Who says you can’t enjoy a fancy dessert while lounging in your pajamas? Today we want to bring you a dessert that will level-up your baking skills while also yielding a delicious result. Today we’re making chocolate souffle with a recipe by Martha Stewart.
To make this decadent Chocolate Souffle dish you’ll need:
- Unsalted butter, room temperature
- Butter for baking dish
- 1/4 cup sugar
- Sugar for baking dish
- 8 ounces semisweet chocolate, finely chopped, or 1 cup semisweet chocolate chips
- 1 teaspoon pure vanilla extract
- 3 large egg yolks, lightly beaten
- 4 large egg whites
- 1/4 teaspoon cream of tartar
Ready to bake?
- Preheat your oven to 350 degrees.
- Lightly butter a 1 1/2-quart tall-sided baking dish. Then, coat the dish with sugar, tapping off excess. Set dish on a rimmed baking sheet.
- Take a large heatproof bowl and set it over a pot of simmering water. In the bowl combine the chocolate, vanilla, and 1/4 cup water. Stir until chocolate is melted and the mixture is smooth.
- Remove from heat and let cool to room temperature for about 20 minutes.
- Stir egg yolks into cooled chocolate mixture until combined. This is your souffle base.
- In a large bowl, using an electric mixer, beat egg whites and cream of tartar on medium-high until soft peaks form.
- Gradually add sugar and beat until stiff, glossy peaks form, but do not overbeat.
- In two parts, fold egg-white mixture into souffle base.

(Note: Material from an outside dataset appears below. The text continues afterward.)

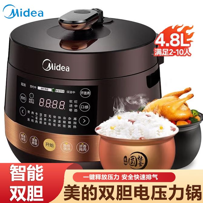 美的/Midea 电压力锅双胆高压电饭锅 家用全自动智能预约开盖煮小米粥炖汤 4.8L大容量,24小时全天候预约,一键释放压力,安全快速排气,双圆灶釜,精准控压,全新氧化盘,反向排气 兑换价格 13900 里程 会员卡别 终身白金卡 白金卡 金卡 银卡 普通卡 儿童卡 服务 由 广西桂福礼供应链管理有限公司 发货并提供售后 颜色: 其他 购买数量: 件 库存件 配送地址: 立即购买 加入购物车 成功添加到购物车 关闭 购物车共有 种商品 总金额为:

- With a rubber spatula, gently cut down through the center and lift up some base from the bottom of the bowl. Turn the bowl and lift up base until just combined.
- Transfer the mixture to dish, but do not get batter on the top edge of the dish. Make sure to smooth the top.
- Bake souffle until puffed and set, 30 to 35 minutes. (Do not open the oven during the first 25 minutes of baking.)
- Serve immediately.
Pro tip: Right before you serve your chocolate souffle, lightly dust the top with powdered sugar if you have some in your kitchen.
If this is your first time making a souffle, we want to give you some advice from those who have made it before.
- Some bakers suggest using butter instead of water during the chocolate melting process or even sugar to avoid seizing of the chocolate.
- If you think the souffle will be too sweet (depending on the type of chocolate you use,) you can cut down on the amount of sugar.
- Serve with vanilla ice cream!
We hope you enjoy this chocolate souffle recipe! Bon appétit!